13. De acordo com o estabelecido no artigo 53.10 da Lei 24/2013, de 26 de dezembro, do sector eléctrico, o não cumprimento das condições e requisitos estabelecidos nas autorizações ou a variação substancial dos pressupor que determinaram o seu outorgamento poderão dar lugar à revogação das autorizações, depois de audiência do interessado.

14. Esta autorização outorga-se sem prejuízo de terceiros e independentemente das autorizações, licenças ou permissões de competência autárquica, provincial ou outros condicionado técnicos de organismos ou empresas de serviço público ou de serviços de interesse geral afectados, necessários para a realização das obras das instalações autorizadas.

15. Esta resolução publicar-se-á no Diário Oficial da Galiza, de acordo com o estabelecido no artigo 34.3 da Lei 8/2009.

b) Principais motivos e considerações em que se baseia a resolução:

1. O 1.6.2020, a promotora, Enel Green Capital Power, S.L. solicitou as autorizações administrativas prévia e de construção, e a aprovação do projecto sectorial (projecto de interesse autonómico) para o parque eólico Serra do Colmo, sito nas câmaras municipais de Becerreá e Baralha (Lugo), ao amparo da Lei 8/2009, de 22 de dezembro, pela que se regula o aproveitamento eólico na Galiza e se acreditem o cânone eólico e o Fundo de Compensação Ambiental (em diante, Lei 8/2009).

2. O 15.9.2020, a Direcção-Geral de Energia e Minas (actualmente, Direcção-Geral de Planeamento Energética e Recursos Naturais; em diante, esta direcção geral) notificou-lhe a promotora o cumprimento dos requisitos estabelecidos nos artigos 30 e 31 da Lei 8/2009, quem achegou, o 16.11.2020, o comprovativo de pagamento da taxa correspondente à autorização administrativa das instalações de parques eólicos, de acordo com o artigo 33 da dita lei.

3. O 21.4.2021, a promotora solicitou uma modificação substancial do parque eólico Serra do Colmo, achegando a documentação técnica correspondente. Com carácter geral, a modificação consiste na mudança da posição de dois aeroxeradores, sem modificar o número deles nem a potência nominal das instalações. O 23.5.2022, esta direcção geral notificou-lhe a promotora a admissão a trâmite desta modificação substancial.

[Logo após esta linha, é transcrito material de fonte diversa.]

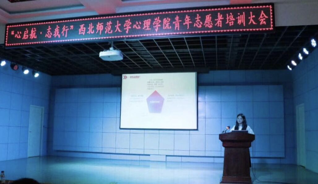 大会开始,所有成员起立,奏唱《中国青年志愿者之歌》。青协负责人张丽向大家普及了志愿者的相关知识,介绍了志愿汇软件,诠释了志愿服务的意义就是无私帮助那些需要帮助的人,用爱去温暖他们。她让大家明白了志愿服务最重要的就是要有一颗无私奉献、温暖他人的心。随后主持人带领大家宣读中国志愿者誓词。

4. O 24.5.2022, esta direcção geral solicitou à Direcção-Geral de Ordenação do Território e Urbanismo (DXOTU) o relatório referido no artigo 33 da Lei 8/2009, quem emitiu relatório o 21.6.2022, em que se conclui que as posições dos aeroxeradores cumprem a distância mínima de 500 m a núcleos de povoação a respeito das delimitações dos núcleos rurais, solo urbano e solo urbanizável.

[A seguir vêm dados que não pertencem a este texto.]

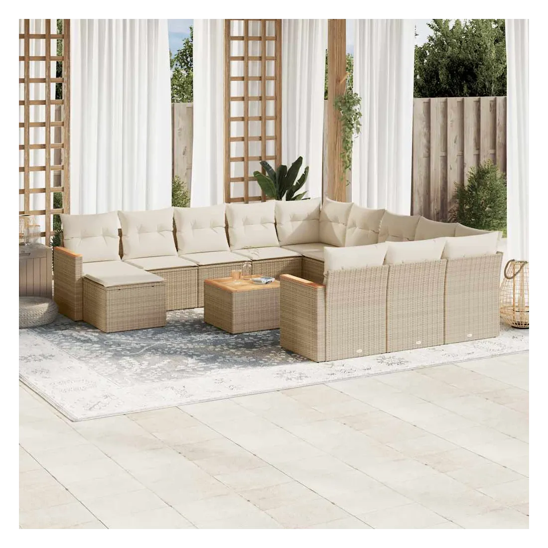 Cet ensemble de canapés de jardin est le complément parfait de votre arrière-cour, terrasse ou patio, offrant un espace confortable et accueillant pour discuter avec la famille et les amis ou simplement se détendre et profiter de l'extérieur. Matériau durable : la résine tressée, également connue sous le nom de poly rotin, est un matériau synthétique solide et nécessitant peu d'entretien qui ressemble au rotin naturel. Il est léger, facile à nettoyer et couramment utilisé pour les meubles d'extérieur en raison de sa durabilité et de ses propriétés de résistance aux intempéries.Dessus stable et facile à nettoyer : cette table de jardin a un dessus en bois d'acacia robuste, durable et facile à nettoyer avec un chiffon humide.Housse amovible et lavable : ces coussins de siège sont dotés de housses amovibles pour un lavage et un entretien faciles.Cadre robuste et stable : le cadre en acier enduit de poudre assure la solidité et la stabilité du meuble de jardin pour une utilisation quotidienne à l'extérieur.Conception modulaire : cet ensemble de meubles d'extérieur a une conception modulaire, ce qui le rend complètement flexible et facile à déplacer, afin que vous puissiez créer un agencement de meubles d'extérieur personnalisé. Bon à savoir :Pour que vos meubles d'extérieur restent beaux, nous vous recommandons de les protéger avec une housse imperméable.

5. O 4.8.2022, esta direcção geral remeteu-lhe a documentação do projecto do parque eólico Serra do Colmo à Chefatura Territorial de Lugo desta conselharia (em diante, chefatura territorial) para a seguir da tramitação deste expediente, de acordo com o estabelecido no artigo 33 da Lei 8/2009.

6. O 22.9.2022, a chefatura territorial ditou o acordo pelo que se submeteram a informação pública a solicitude de autorização administrativa prévia e de construção, o estudo de impacto ambiental e o projecto sectorial de incidência supramunicipal (projecto de interesse autonómico) do projecto de execução do parque eólico Serra do Colmo, nas câmaras municipais de Becerreá e Baralha.

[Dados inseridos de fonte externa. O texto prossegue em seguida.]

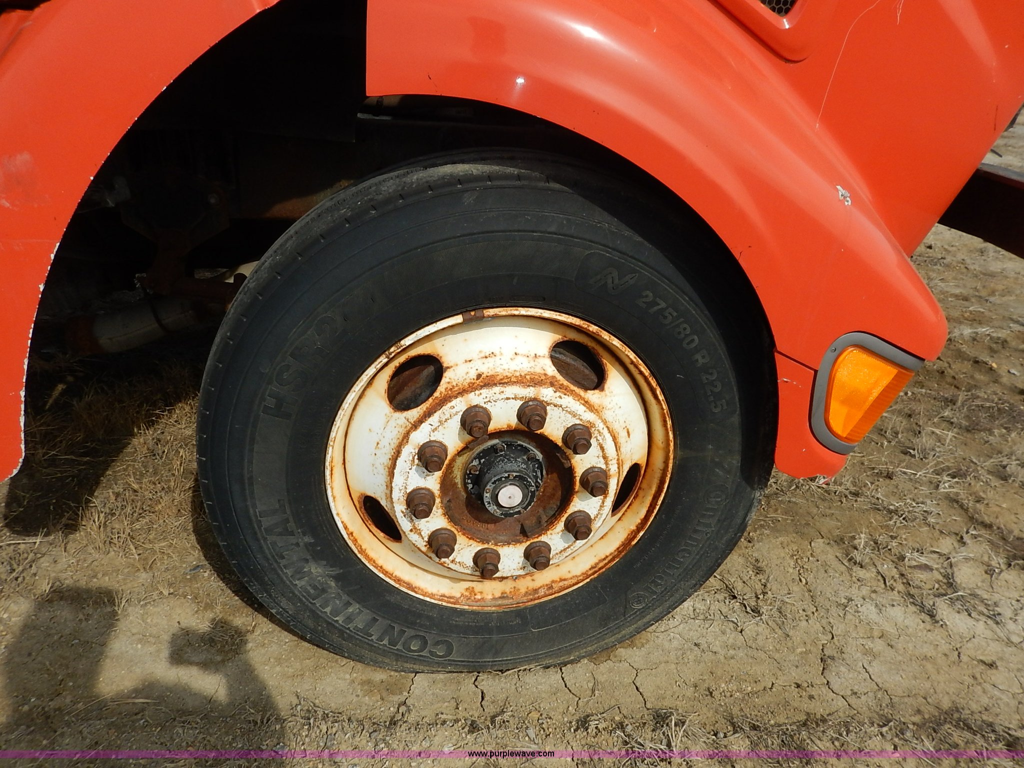 Purple Wave is selling a used Construction Dump Truck in Kansas. This item is a 2001 Sterling LT7500 dump truck with the following: 186,077 miles on odometer, Caterpillar 3126 7.2L L6 diesel engine, Automatic transmission, AM/FM/cassette, 13'L x 8'W dump bed, Nine cubic yard capacity, Rear hydraulic connections, 9' spreader, Flink snow plow bracket, Hydraulic connections, Underside storage box, Block heater, Trailer wiring, Pintle hitch, Walking beam suspension, 275/80R22.5 tires, Tires flat, GVWR 53,200 lbs, FAWR 13,200 lbs, RAWR 20,000 lbs, Unit wrecked, Extensive interior fire damage, Taillights damaged, Spreader damaged, Rear axles bent, KDOT ID 263-1150

O dito acordo publicou-se no Diário Oficial da Galiza do 28.9.2022. Além disso, permaneceu exposto ao público nos tabuleiros de anúncios das câmaras municipais afectadas (Becerreá e Baralha) e nas dependências da chefatura territorial, quem emitiram os correspondentes certificados de exposição pública. Ao mesmo tempo, o dito acordo esteve exposto no portal web desta conselharia.

Durante o período de informação pública, assim como durante a tramitação do expediente, apresentaram-se alegações, das que se deu deslocação a promotora, quem as contestou.

7. Durante a tramitação do procedimento, e de acordo com o estabelecido no artigo 33 da Lei 8/2009, a chefatura territorial remeteu-lhes, para a emissão dos correspondentes condicionado técnicos, as separatas do projecto de execução do referido parque eólico às seguintes entidades: Câmara municipal de Baralla, Câmara municipal de Becerreá, Confederação Hidrográfica do Miño-Sil, Confederação Hidrográfica do Cantábrico, Deputação Provincial de Lugo, Direcção-Geral de Telecomunicações, UFD Distribuição Electricidad, S.A. e Direcção-Geral de Estradas.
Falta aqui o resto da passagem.